Nixpkgs recently merged PR #93568, allowing the Nix package manager to cross-compile packages to Redox.

As expected, few of Nixpkgs’s 60,000 packages cross-compile to Redox without failing. I’ve created redoxpkgs, a wrapper around Nixpkgs to fix broken packages, with the hope that some patches will eventually be adapted upstream.

Nix has several properties that make cross-compiling to Redox pleasant. First, Nix reproducibly compiles packages, meaning that if a build works on my system, it should work on yours, too. Second, Nix allows porting packages en mass. A single change to a toolchain package could make a large number of packages suddenly compatible with Redox. Or, if needed, a patch could be automatically applied to the build process of every package of a given language being cross-compiled to Redox.

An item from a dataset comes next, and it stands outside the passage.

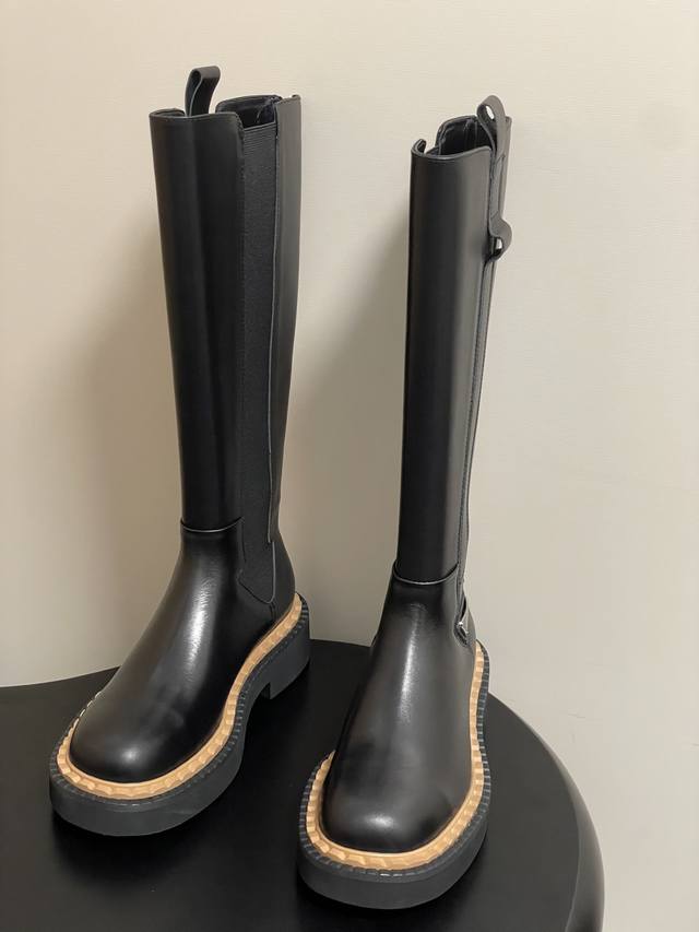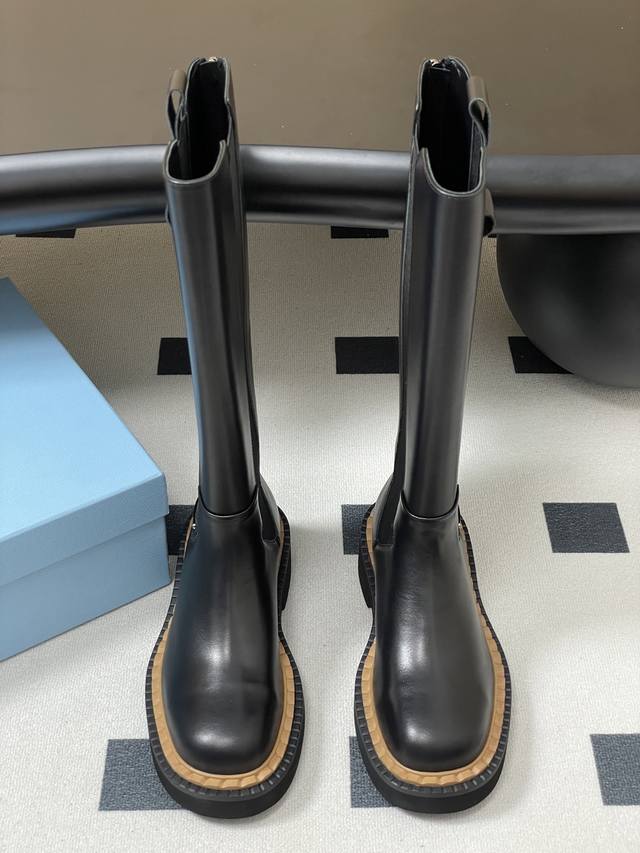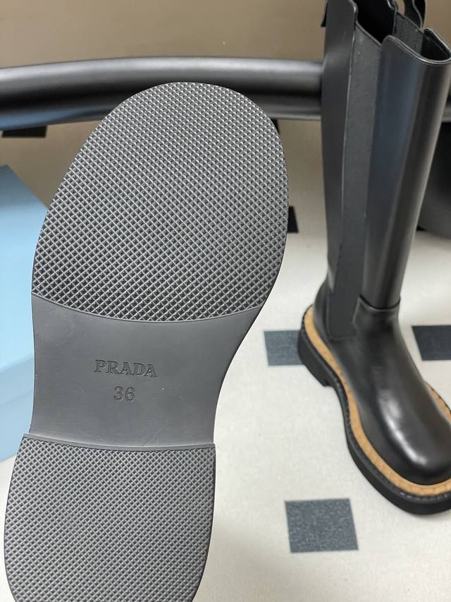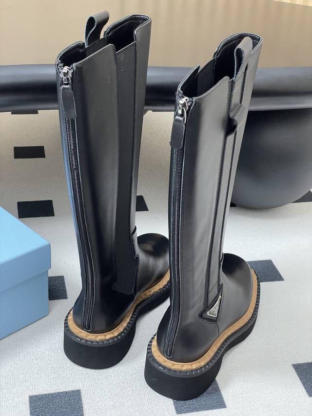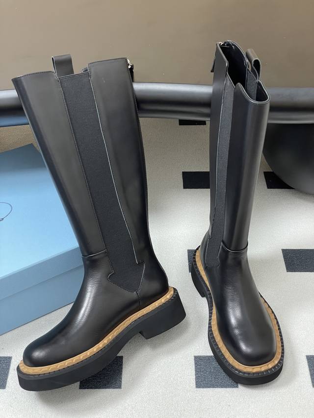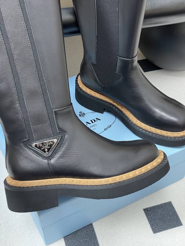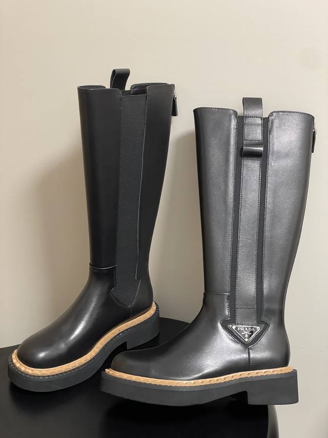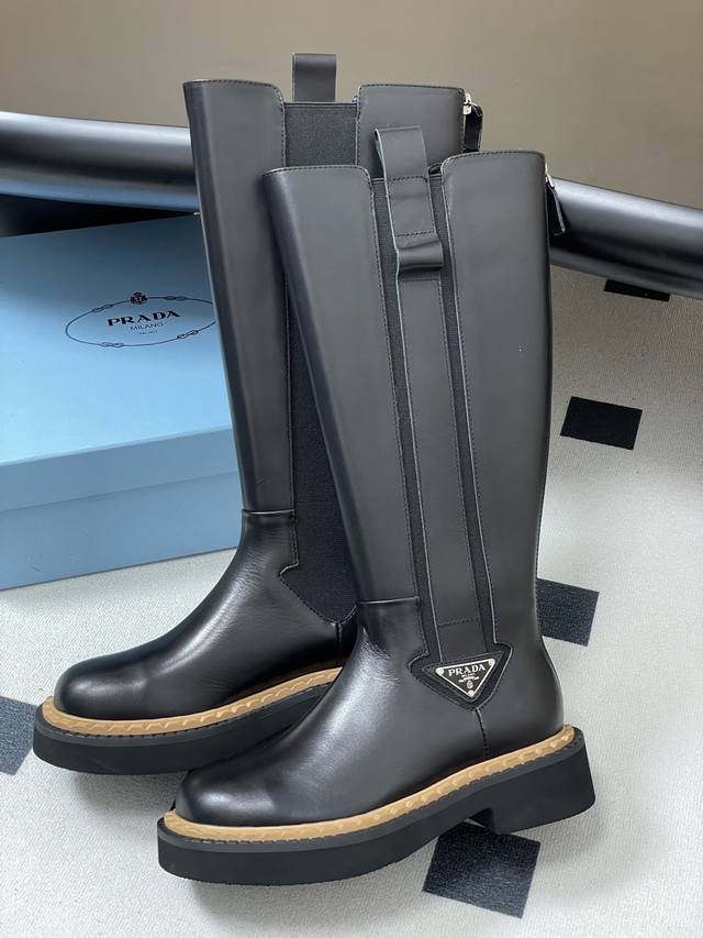 25Ss秋冬新款Prada普拉达三角标直筒长靴骑士靴锯齿厚底松紧靴
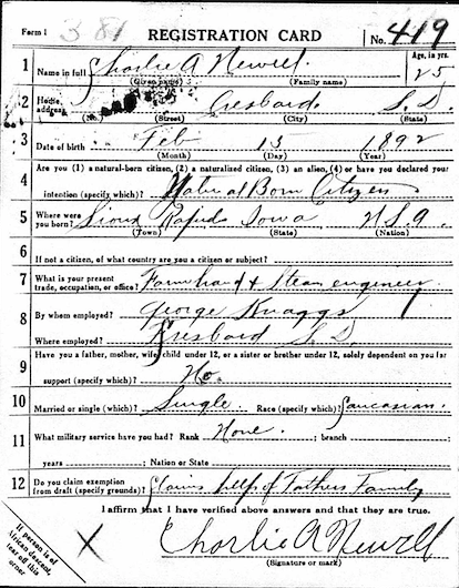This Memorial Day I remember 25-year-old Private Charles A Newell of Cresbard, South Dakota, who died on October 17, 1918 at Camp Lee in Virginia. He was part of the Veterinary Training School preparing to serve overseas in World War I. Rather than one of the 53,000 US soldiers who died in combat, he was one of the 45,000 who died of influenza after being drafted (see his registration card on the right).

To get started, after installing Nix, simply checkout the Redox overlay (linked above) then run nix-build, specifying which package you want to cross-compile:

$ git clone https://github.com/aaronjanse/redoxpkgs
$ cd redoxpkgs
$ nix-build . -A hexyl

At the time of writing, few packages have been ported, but I hope to change that over time.

I plan to eventually setup a small Nix package cache for Redox. In the meantime, expect your first build to take a long time as Nix builds the Redox toolchain from source.

Going Forward

The future of Nix and Redox depends mostly on reception by the respective communities and how well the two systems work together long-term. It would be cool to port Nix to run on Redox itself so that packages can be built and installed on Redox rather than cross-compiled then copied from a Linux machine.

In theory, if enough packages are ported, the Redox ISOs themselves could be declaratively compiled using Nix. In the meantime, though, I plan to focus my efforts elsewhere, dogfooding my Nix toolchain as I continue to contribute to Redox.